Death is like a natural disaster -- no matter how much planning and preparation is done once it hits everything changes. You cannot prepare for the flood or numbing of emotions. You don't know exactly how the laws will work themselves out. You can't anticipate how others will react. You just have to go along for the ride and see what comes.
I didn't know how much my grandfather's passing would challenge me. He was a man I always adored. He was on of my childhood heroes -- tall, strong, and always there with a helping hand. He was also everything I was not -- a staunch Republican, an avid sports fan, nimble with his fingers, cautious. He had a philosophy of live and let live as long as he didn't need to see or hear it.
A few hours earlier on the day he passed, I booked a ticket to come see him in Arizona hoping I could say goodbye before his final exhale. I didn't make it. He died in hospice quickly at the age of 80. He never wanted to live in hospice, and he was terrified of losing his reason, but there he was in hospice doped up because his mind had completely deteriorated. It was a beautiful thing that he only had a few days of that kind of living.

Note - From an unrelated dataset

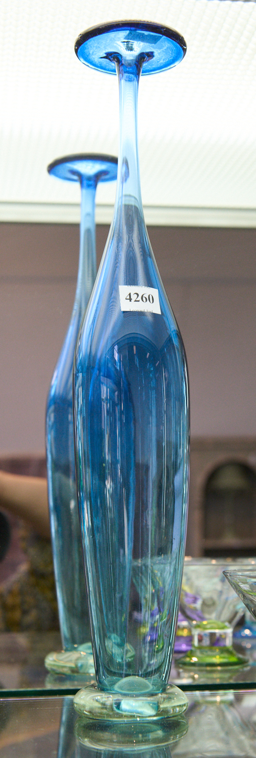 A TALL SLENDER BLUE ART GLASS VASE H.41CM, LEONARD JOEL LOCAL DELIVERY SIZE: MEDIUM

I kept my flight. I wanted to be here for my granny and lend the same helping hand my grandfather would have lent me. It was the best way to honor his life. I wasn't prepared for the internal conflict that came.
I inherited my grandfather's strong will. I did not inherit his ability to still my tongue. I have had to learn how to quiet both my lips and need to argue, and I haven't been very successful in those lessons. Slowly, I have made progress, and the greatest lesson has come from being here in Sun City West supporting my granny through this transition. I see what he saw in her -- beauty, faith, fortitude, quiet rebellion, dedication. I amazed at her ability to meet obligation with grace.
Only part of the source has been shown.